Start of Information given

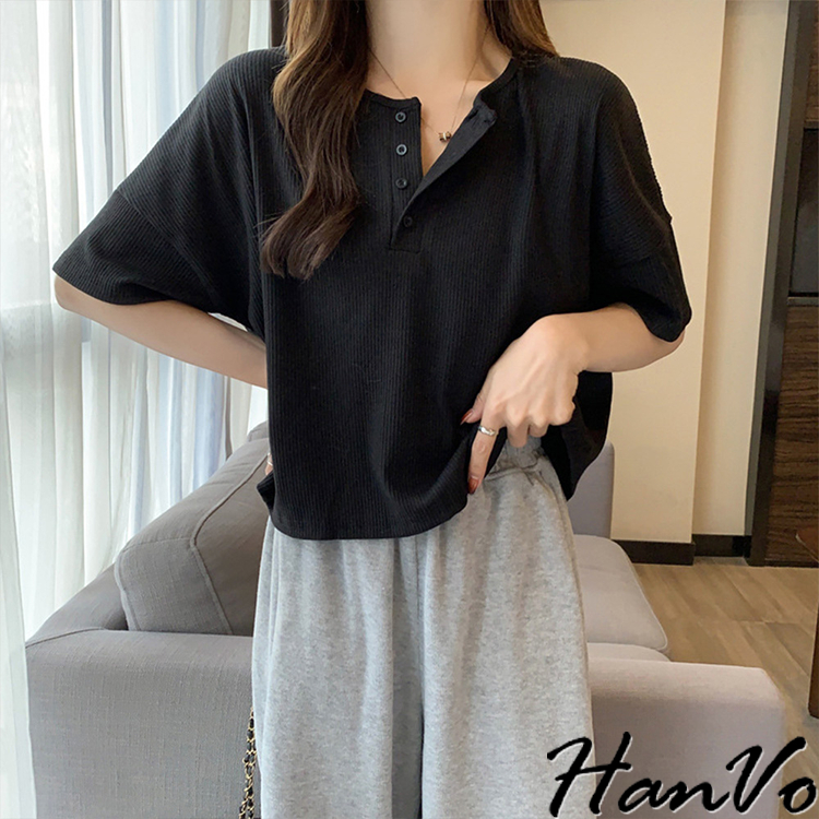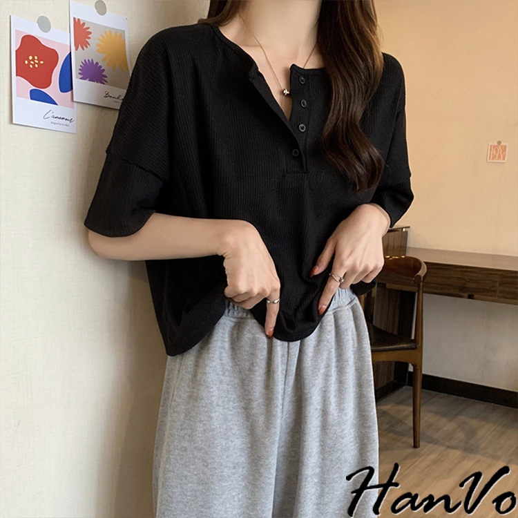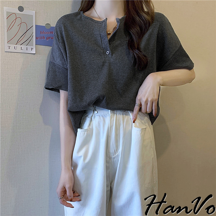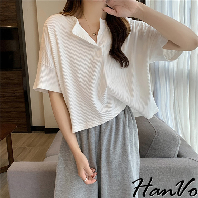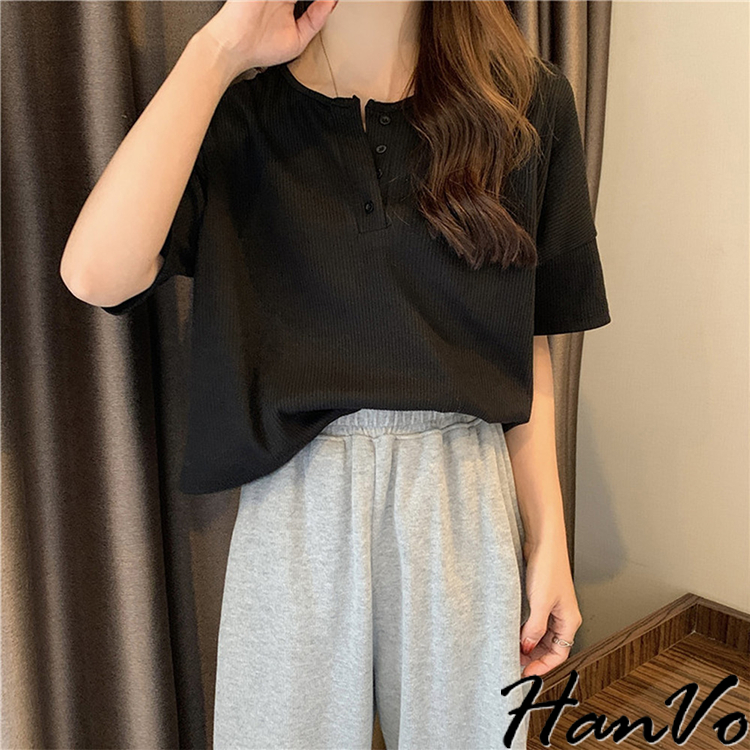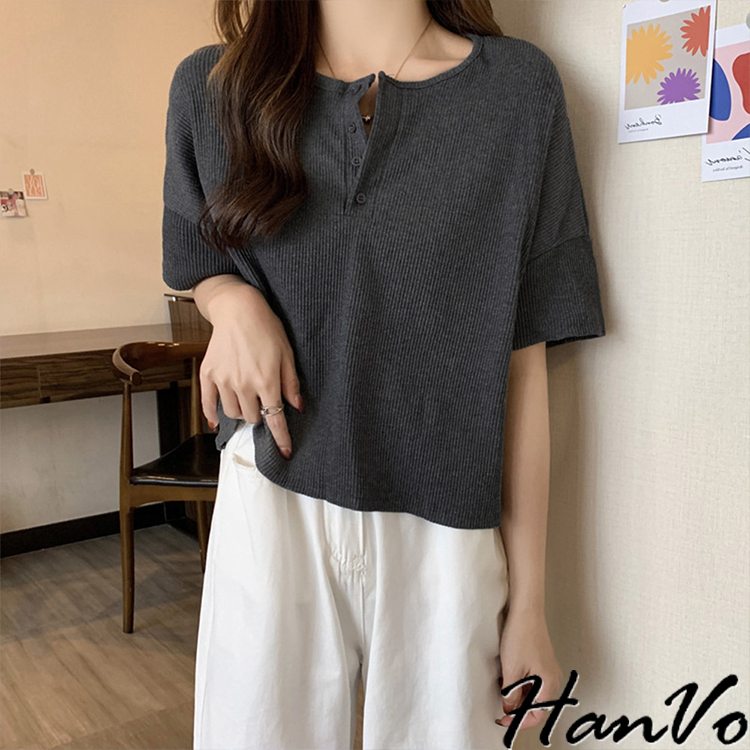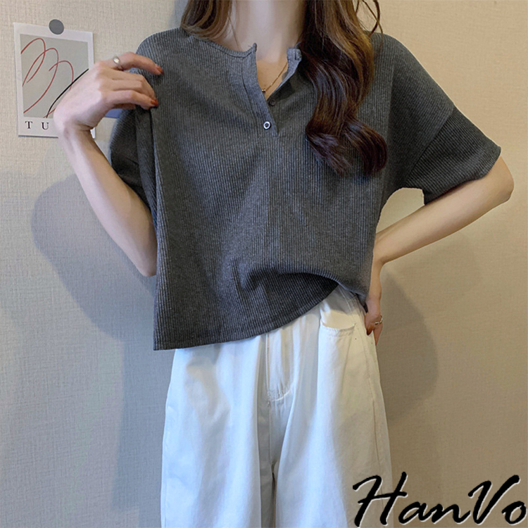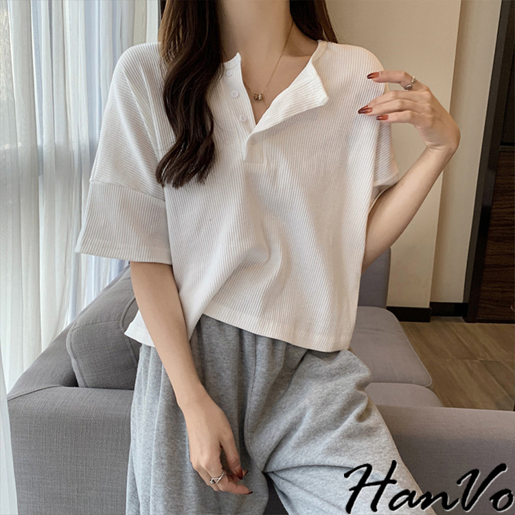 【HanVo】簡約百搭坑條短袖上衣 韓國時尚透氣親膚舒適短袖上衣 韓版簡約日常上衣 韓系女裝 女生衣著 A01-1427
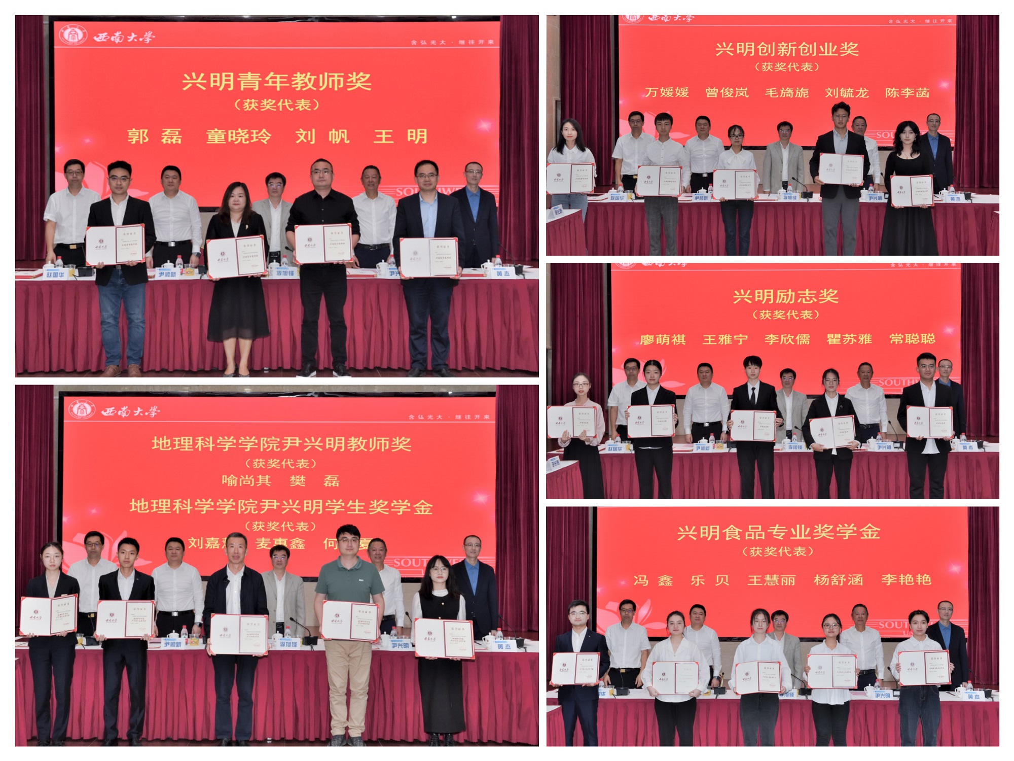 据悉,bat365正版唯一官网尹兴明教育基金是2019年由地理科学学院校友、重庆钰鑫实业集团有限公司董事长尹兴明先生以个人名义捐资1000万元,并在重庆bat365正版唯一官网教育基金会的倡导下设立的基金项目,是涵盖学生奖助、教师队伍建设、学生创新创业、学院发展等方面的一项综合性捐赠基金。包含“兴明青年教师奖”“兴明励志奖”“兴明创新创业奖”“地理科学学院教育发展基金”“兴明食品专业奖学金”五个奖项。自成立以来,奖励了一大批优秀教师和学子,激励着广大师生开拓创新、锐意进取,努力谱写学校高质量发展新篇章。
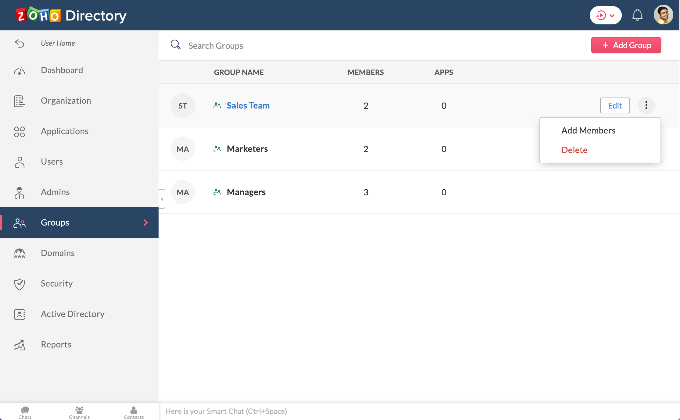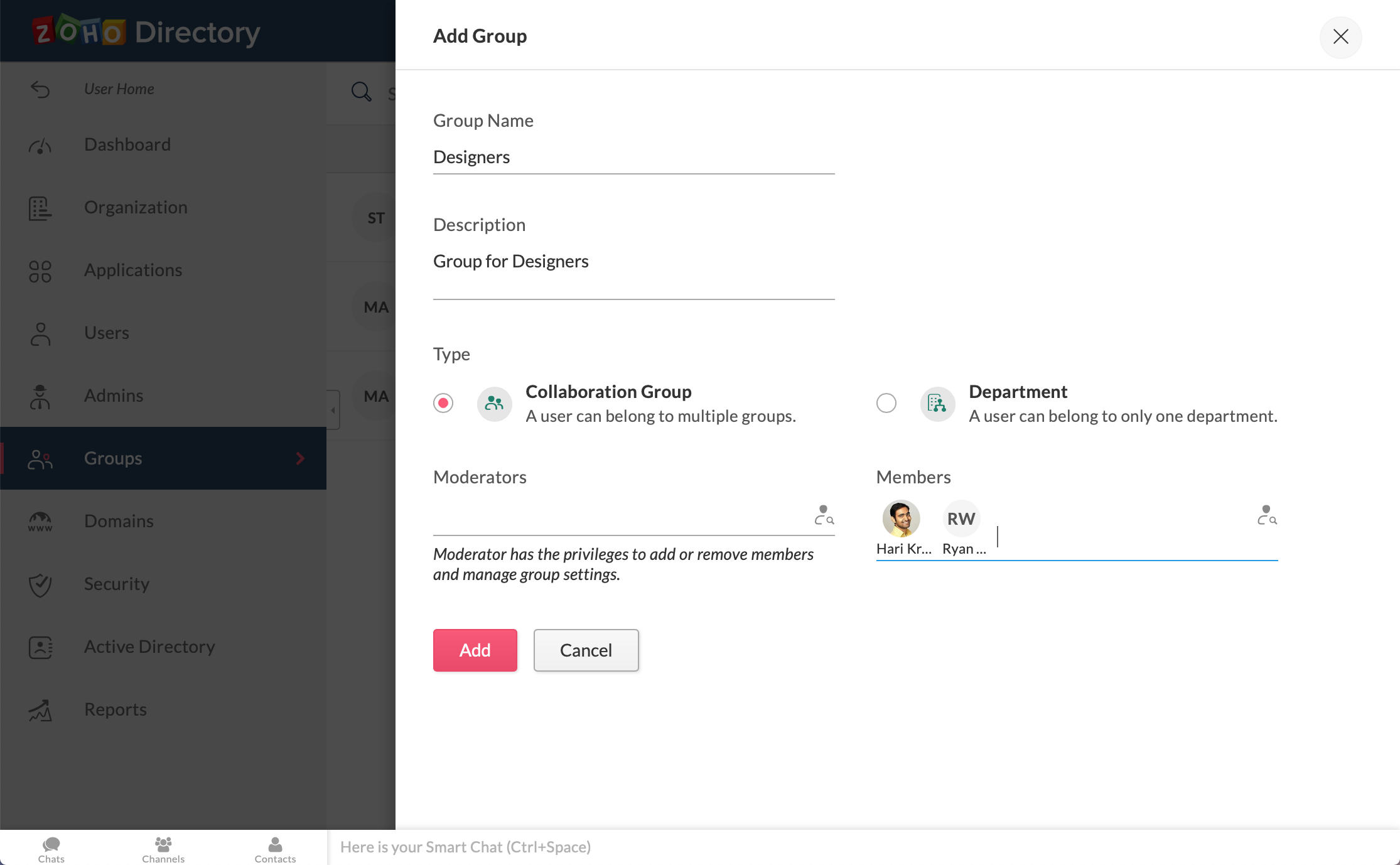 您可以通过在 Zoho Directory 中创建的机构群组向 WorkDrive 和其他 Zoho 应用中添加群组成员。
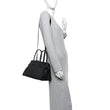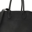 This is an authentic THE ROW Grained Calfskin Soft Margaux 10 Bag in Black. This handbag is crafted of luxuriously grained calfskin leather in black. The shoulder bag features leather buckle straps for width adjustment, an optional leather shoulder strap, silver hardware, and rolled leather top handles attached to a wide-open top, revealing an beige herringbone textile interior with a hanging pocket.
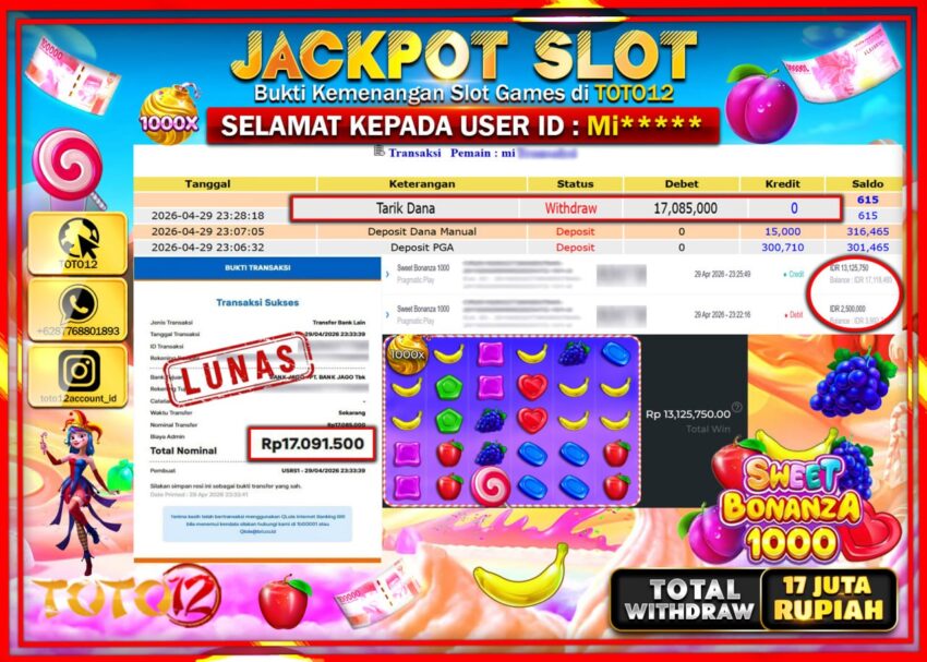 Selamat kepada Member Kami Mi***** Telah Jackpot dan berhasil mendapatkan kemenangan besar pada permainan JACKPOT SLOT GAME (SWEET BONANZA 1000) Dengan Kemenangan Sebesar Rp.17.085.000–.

End of Information given

== About this task ==
Every entry is to be transcribed exactly, but the pictures are to be left out.

== Response to this task ==
 【HanVo】簡約百搭坑條短袖上衣 韓國時尚透氣親膚舒適短袖上衣 韓版簡約日常上衣 韓系女裝 女生衣著 A01-1427
 据悉,bat365正版唯一官网尹兴明教育基金是2019年由地理科学学院校友、重庆钰鑫实业集团有限公司董事长尹兴明先生以个人名义捐资1000万元,并在重庆bat365正版唯一官网教育基金会的倡导下设立的基金项目,是涵盖学生奖助、教师队伍建设、学生创新创业、学院发展等方面的一项综合性捐赠基金。包含“兴明青年教师奖”“兴明励志奖”“兴明创新创业奖”“地理科学学院教育发展基金”“兴明食品专业奖学金”五个奖项。自成立以来,奖励了一大批优秀教师和学子,激励着广大师生开拓创新、锐意进取,努力谱写学校高质量发展新篇章。
 您可以通过在 Zoho Directory 中创建的机构群组向 WorkDrive 和其他 Zoho 应用中添加群组成员。
 This is an authentic THE ROW Grained Calfskin Soft Margaux 10 Bag in Black. This handbag is crafted of luxuriously grained calfskin leather in black. The shoulder bag features leather buckle straps for width adjustment, an optional leather shoulder strap, silver hardware, and rolled leather top handles attached to a wide-open top, revealing an beige herringbone textile interior with a hanging pocket.
 Selamat kepada Member Kami Mi***** Telah Jackpot dan berhasil mendapatkan kemenangan besar pada permainan JACKPOT SLOT GAME (SWEET BONANZA 1000) Dengan Kemenangan Sebesar Rp.17.085.000–.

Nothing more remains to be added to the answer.